> Your objective: The entries below hold a line with "Terracotta Elegant Gold" and a line with "Kaplangözü – Akik". Return those lines and all that lie between them, exactly and only.

> Data:
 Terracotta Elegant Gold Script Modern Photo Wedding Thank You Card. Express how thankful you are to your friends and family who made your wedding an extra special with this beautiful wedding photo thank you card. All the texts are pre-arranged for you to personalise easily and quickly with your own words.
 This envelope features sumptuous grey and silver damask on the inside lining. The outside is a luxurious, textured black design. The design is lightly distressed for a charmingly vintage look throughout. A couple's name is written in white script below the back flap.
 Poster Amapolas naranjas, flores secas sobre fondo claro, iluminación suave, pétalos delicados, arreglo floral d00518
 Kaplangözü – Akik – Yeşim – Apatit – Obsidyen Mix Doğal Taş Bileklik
--
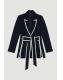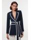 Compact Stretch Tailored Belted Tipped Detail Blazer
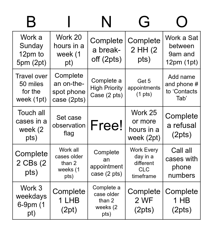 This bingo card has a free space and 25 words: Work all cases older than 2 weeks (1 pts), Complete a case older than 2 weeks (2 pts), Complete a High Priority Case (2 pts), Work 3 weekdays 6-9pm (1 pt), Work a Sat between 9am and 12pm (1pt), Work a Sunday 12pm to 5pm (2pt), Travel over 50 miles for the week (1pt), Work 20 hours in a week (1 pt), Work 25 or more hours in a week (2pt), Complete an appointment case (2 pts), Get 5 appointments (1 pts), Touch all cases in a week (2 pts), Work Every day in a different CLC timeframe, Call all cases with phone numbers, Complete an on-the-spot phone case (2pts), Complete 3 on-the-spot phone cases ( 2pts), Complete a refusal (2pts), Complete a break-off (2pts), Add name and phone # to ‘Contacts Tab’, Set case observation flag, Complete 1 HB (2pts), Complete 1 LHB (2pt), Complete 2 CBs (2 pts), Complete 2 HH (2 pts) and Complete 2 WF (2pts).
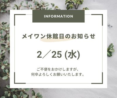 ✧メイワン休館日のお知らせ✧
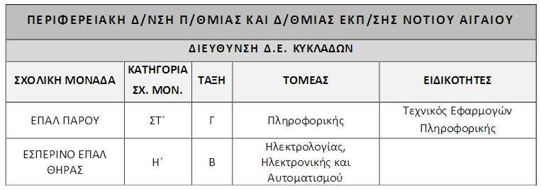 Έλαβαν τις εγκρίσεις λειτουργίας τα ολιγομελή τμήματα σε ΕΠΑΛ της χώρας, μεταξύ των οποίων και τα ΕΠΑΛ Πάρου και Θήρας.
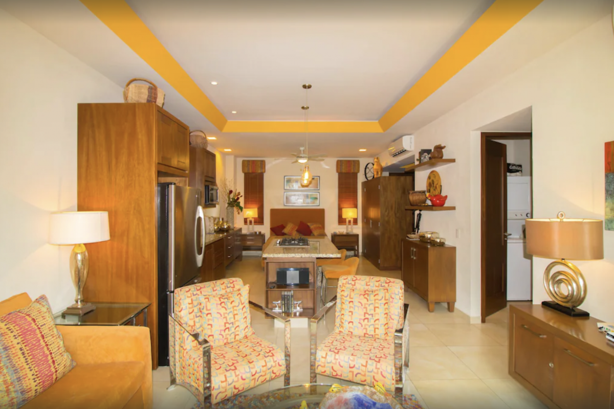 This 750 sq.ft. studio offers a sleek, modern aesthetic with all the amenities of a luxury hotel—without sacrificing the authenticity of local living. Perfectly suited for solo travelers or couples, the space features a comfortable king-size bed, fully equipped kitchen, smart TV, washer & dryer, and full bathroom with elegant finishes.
...
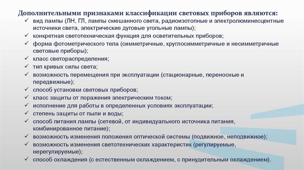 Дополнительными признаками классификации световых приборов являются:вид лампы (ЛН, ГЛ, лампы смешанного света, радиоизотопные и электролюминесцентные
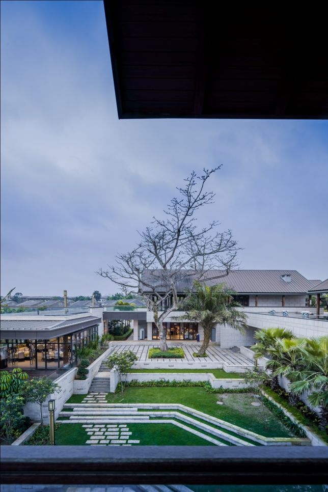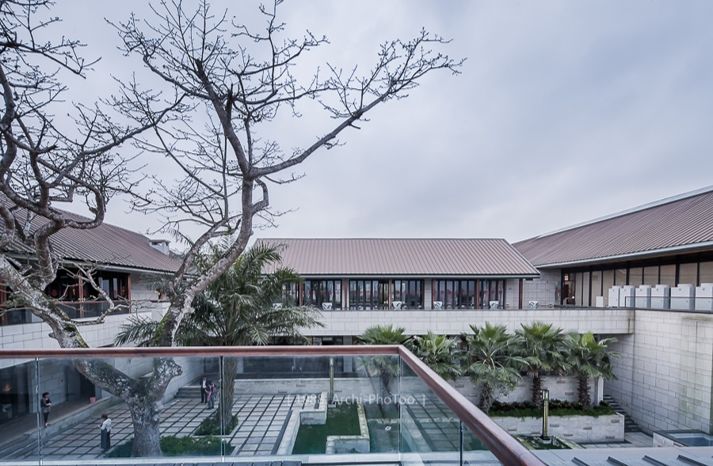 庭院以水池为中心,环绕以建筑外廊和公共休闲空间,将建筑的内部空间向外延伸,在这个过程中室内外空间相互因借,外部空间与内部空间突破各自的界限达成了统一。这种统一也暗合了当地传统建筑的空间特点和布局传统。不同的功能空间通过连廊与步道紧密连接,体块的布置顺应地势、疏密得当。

> Output below:
 Terracotta Elegant Gold Script Modern Photo Wedding Thank You Card. Express how thankful you are to your friends and family who made your wedding an extra special with this beautiful wedding photo thank you card. All the texts are pre-arranged for you to personalise easily and quickly with your own words.
 This envelope features sumptuous grey and silver damask on the inside lining. The outside is a luxurious, textured black design. The design is lightly distressed for a charmingly vintage look throughout. A couple's name is written in white script below the back flap.
 Poster Amapolas naranjas, flores secas sobre fondo claro, iluminación suave, pétalos delicados, arreglo floral d00518
 Kaplangözü – Akik – Yeşim – Apatit – Obsidyen Mix Doğal Taş Bileklik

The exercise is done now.